L'Académie des Technologies estime que le développement d'immeubles et de quartiers à énergie positive serait moins efficace pour lutter contre le réchauffement climatique que de s'orienter vers des bâtiments et territoires à "basses émissions" de gaz à effet de serre. Décryptage.

Depuis l'automne 2016, la France s'est engagée devant les Nations Unies et les autres signataires de l'Accord de Paris sur le climat, à diminuer ses émissions de gaz à effet de serre (GES). Les mesures pour y parvenir, dont l'amélioration de l'efficacité énergétique et le développement d'énergies alternatives, sont subordonnées à cet engagement. L'Académie des Technologies s'inquiète toutefois que la future réglementation environnementale des bâtiments ne prenne pas en compte ce paradigme en continuant de pousser au développement de construction et territoires à énergie positive (BEPos et TEPos), sans évaluer le coût de la tonne de gaz à effet de serre évitée. Cependant, dans l'actuelle expérimentation E+C- (pour "énergie plus, carbone moins") qui préfigure en partie la réglementation de demain, les aspects de réduction des émissions de gaz carbonique sont bien intégrés. De même, le label BBCA, pour Bâtiment Bas Carbone, vise à limiter les émissions de gaz carbonique sur l'ensemble de son cycle de vie.

 

 

L'Académie précise : "Assurer un bilan énergétique annuel positif d'un bâtiment (ou d'un territoire) n'assure pas de limitation des émissions de GES et n'a pas de sens économique. En effet, pouvoir compenser sur l'année l'usage d'énergies fossiles par la production d'électricité photovoltaïque ou d'autres renouvelables, ne garantit pas la limitation des émissions de GES, même s'il existe des réalisations de BEPos remarquables sur les plans énergétiques et économiques comme sur celui des émissions de GES". Une approche purement énergétique serait donc un non-sens économique, puisqu'elle se résumerait à penser qu'il est possible de compenser les moments où l'énergie est rare et chère par d'autres où elle est abondante et peu chère.

 

Passer du BBC au BBE

 

 

Les scientifiques proposent donc de promouvoir la production de chaleur, plutôt que d'électricité, par les EnR, qu'il s'agisse de chauffages à accumulation, de ballons d'eau chaude, de réseaux de chaleur, de solaire thermique ou de récupération de chaleur fatale. La production de chaleur par une source électrique devrait même être affectée d'un coefficient équivalent, au minimum, à celui du gaz naturel dès lors que ce courant aurait un faible contenu en GES (inférieur à 100 grammes de CO2/kWh).

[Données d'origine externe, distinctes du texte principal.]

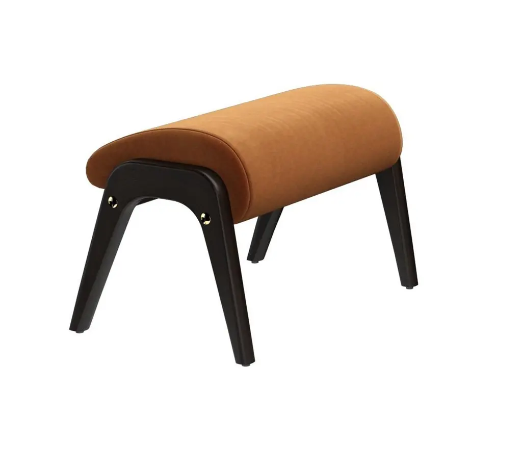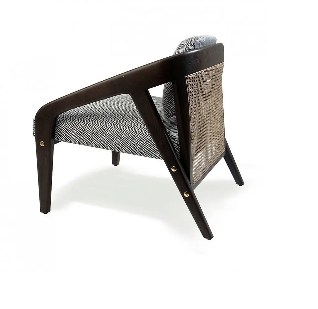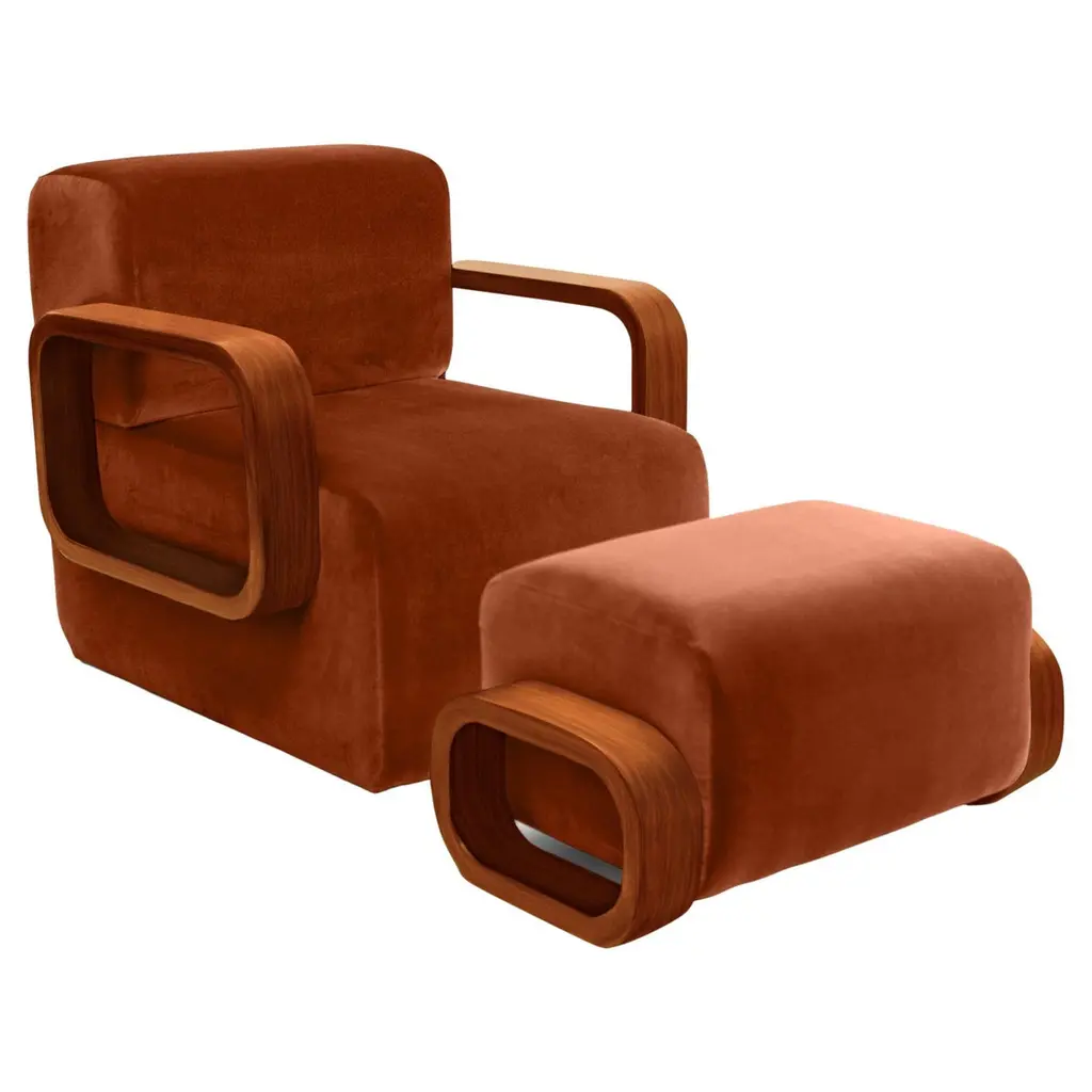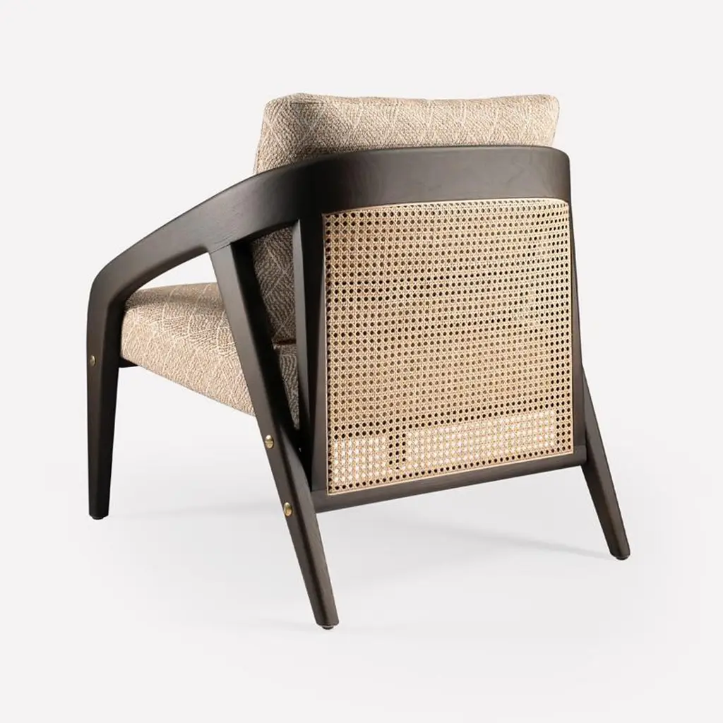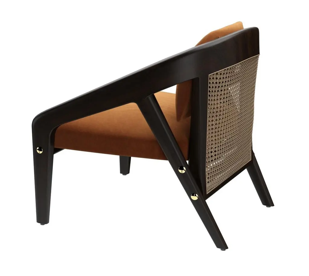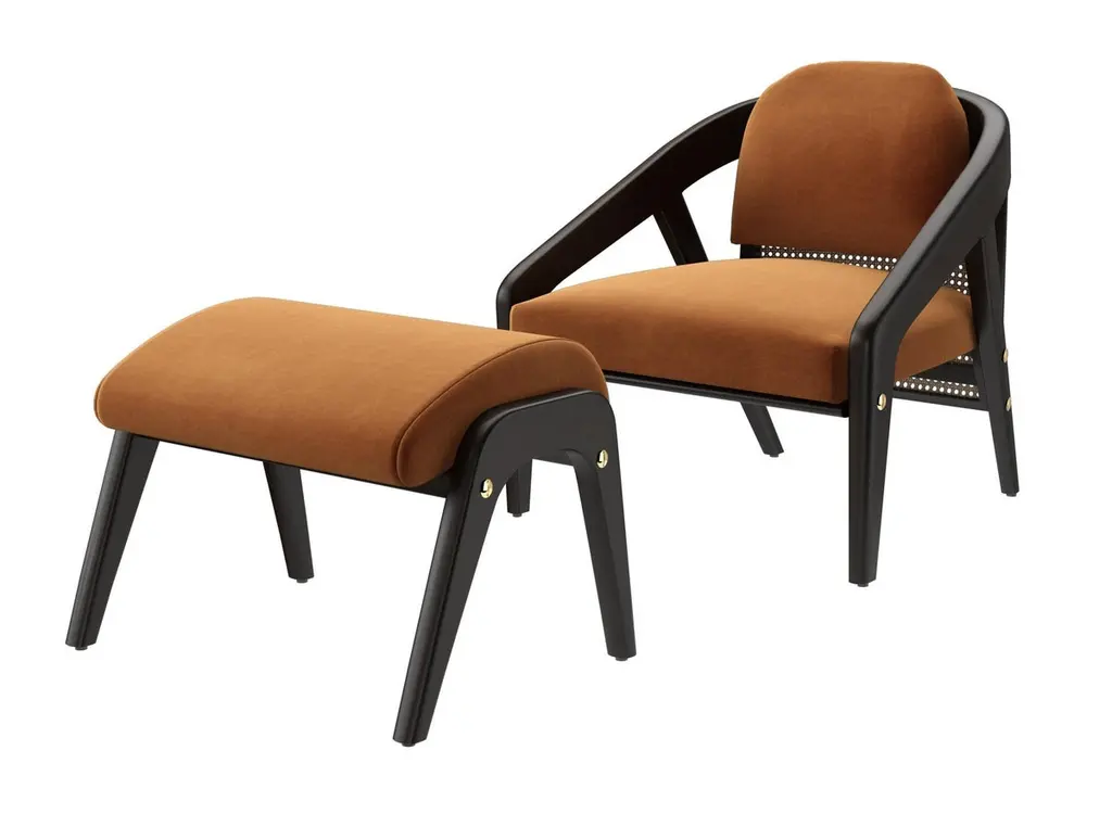 A refined expression of mid-century modern design, this armchair and ottoman set pairs architectural wood framing with tactile natural textures. Crafted in solid wood with a dark walnut finish, the silhouette features gently angled legs, curved armrests, and detailed brass hardware, evoking timeless craftsmanship.The chair’s back is elegantly finished in natural cane, offering both breathability and a nod to classic design. Upholstered in a natural woven fabric, the seat and back cushions are generously proportioned for comfort, while the ottoman mirrors the chair’s sculptural base and soft lines, completing the composition with understated sophistication.Dark stained solid oak wood structure.Natural woven rattan back.Stainless steel accents in gold finish.Available in COM upon request.Showing in caramel velvet.Ottoman Dimensions: H 41 cm x W 60 cm x D 43 cm.Contact us to enquire about COM/COL production, requirements and material shipping instructions.Please contact us if you have any questions about customization and pricing. We will be glad to check with the factory’s technical team if sizes, finishes, and colors can be customized. We do our best to expedite production and to ship and deliver product within the listed lead time, however current lead times might be longer due to global shipping backlog and delays. These delays are out of our control and cannot be a reason to cancel an order.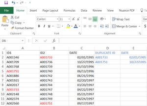 Okay, I have to hard type the formula and not just copy your formula and paste it. Also, I dragged each formula down and I got the result which is cool. The only problem I am having now is when I'm sorting it, either in Column E or D, the dates are off? I am comparing the dates from the original and somehow some dates are showing up on ID 2 where there shouldn't be any date at all.
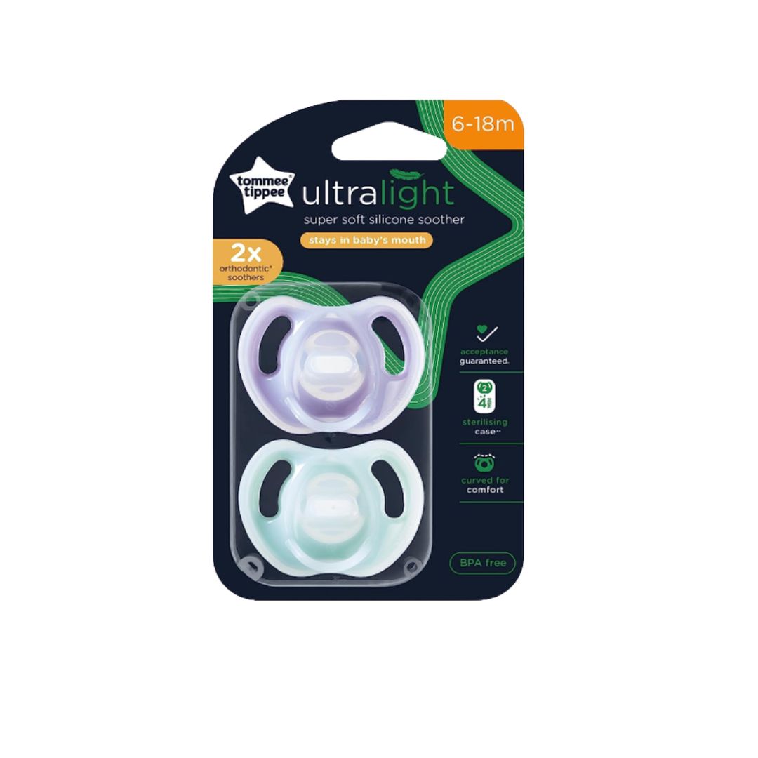 The Tommee Tippee UltraLight Soothers (6-18m, Pack of 2) are designed for comfort and convenience, providing a soothing experience for babies.

Ils recommandent également que le bâtiment soit pensé "comme un système énergétique à optimiser entre usages de l'énergie, apports via les réseaux et production locale à base de renouvelables, pour minimiser les émissions de GES". Une recommandation qui passe par le développement de moyens de stockage d'électricité et de chaleur, pour assurer des transitions jour/nuit, mais également sur des rythmes plus longs, hebdomadaires et saisonniers.

 

Enfin, l'Académie entend introduire la notion de bâtiment basses émissions (BBE), avec un niveau de base de kg de CO2/m², comme socle de la réglementation future. Ceci "pour éviter la construction de bâtiments neufs, qui seront encore présents à la fin du siècle, émettant des quantités de gaz à effet de serre significatives". De la même façon, elle souhaite promouvoir des territoires basses émissions plutôt que des TEPos, un concept qui risque "de pousser à utiliser des ressources locales coûteuses au lieu d'en utiliser d'autres moins coûteuses d'un territoire voisin". Les collectivités sont ainsi appelées à "participer à l'efficacité globale des systèmes dans un esprit de solidarité nationale". Rappelons toutefois que l'écriture de la future réglementation n'est pas encore amorcée puisqu'il faudra attendre les retours d'expérience d'E+C- qui orienteront les choix et définiront les seuils à atteindre en termes de consommations et d'empreinte carbone. Cette expérimentation constituera de ce fait une marche intermédiaire entre l'actuelle RT2012 et la réglementation environnementale de demain, qui n'apparaîtra sans doute qu'après 2020.